Significance. If the results hold, this work provides a valuable extension of SGD theory to the mini-batching regime under infinite-variance noise, which is practically relevant. The explicit batch-size dependence in the moment bounds and limit theorems offers concrete guidance for algorithm tuning. The approach appropriately leverages established techniques for stable processes and Lévy-driven SDEs, and the three families of results (moments, distributional convergence, averaged limits) are consistent with the literature. The paper ships clear statements of the central claims and assumptions.

minor comments (4)

The introduction should more explicitly delineate the novel arguments required for the mini-batching regime from the inherited results for the non-batched and finite-variance cases.
Clarify the precise growth conditions on the batch-size schedule b_n that are needed for each of the three main results (e.g., for constant-stepsize convergence in probability).
In the statements of the distributional limits, explicitly recall or reference the definition of the stationary law of the α-stable-driven OU process to ensure the limit is well-defined for α∈(1,2).
Minor notational inconsistencies in the indexing of the batch-size schedule across the moment bounds and averaging sections should be unified.

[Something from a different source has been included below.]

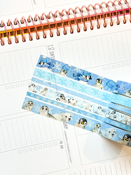 Snow Animals Penguins Polar Bears Seals Winter Arctic Animals Washi Tape Set January 2024 - W099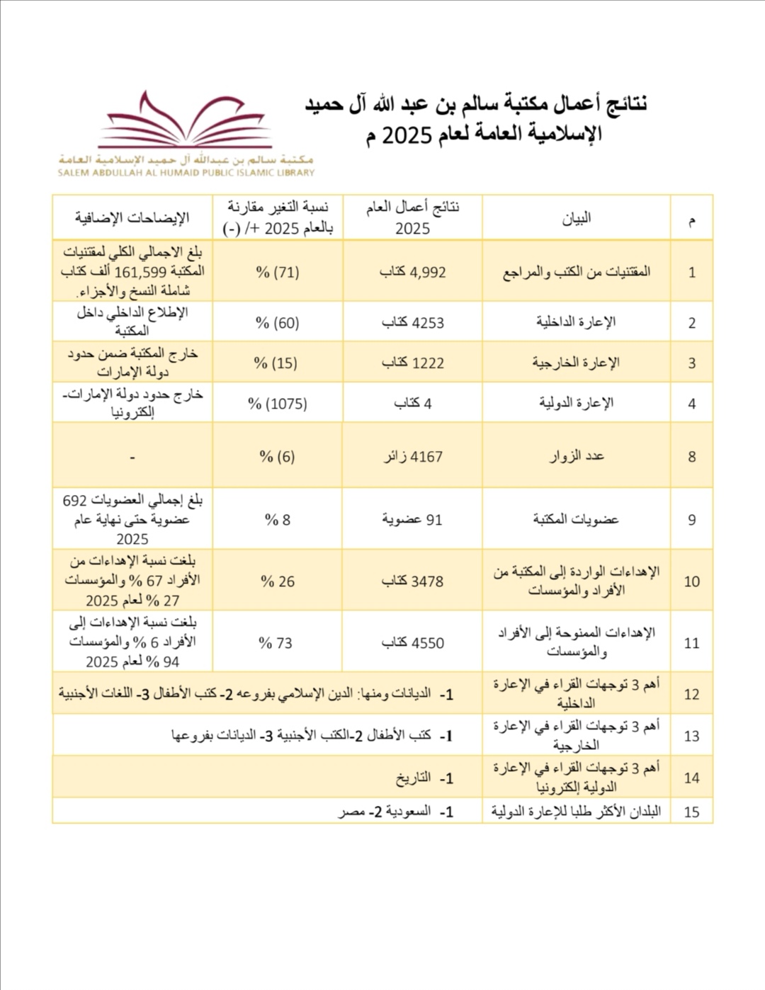 مكتبة سالم بن عبدالله تعلن نتائج أعمالها لعام 2025

Simulated Author's Rebuttal

0 responses · 0 unresolved

We thank the referee for their positive summary of our manuscript, accurate description of the contributions, and recommendation for minor revision. No specific major comments were raised in the report.

Circularity Check

0 steps flagged

No significant circularity; derivations extend external results independently

full rationale

The paper explicitly builds on existing results for the finite-variance regime and for heavy-tailed SGD without batching, then introduces new arguments for the mini-batching regime under α-stable noise. The three main results (L^p moment bounds with faster rates from increasing batches, convergence in probability for constant stepsize, distributional convergence to stationary law of α-stable OU process, and batch-dependent normalization for Polyak-Ruppert averaging) are presented as extensions relying on standard regularity conditions and domain-of-attraction assumptions. No self-definitional reductions, fitted parameters renamed as predictions, load-bearing self-citations, or ansatz smuggling appear in the provided abstract or claims. The derivation chain remains self-contained against external benchmarks.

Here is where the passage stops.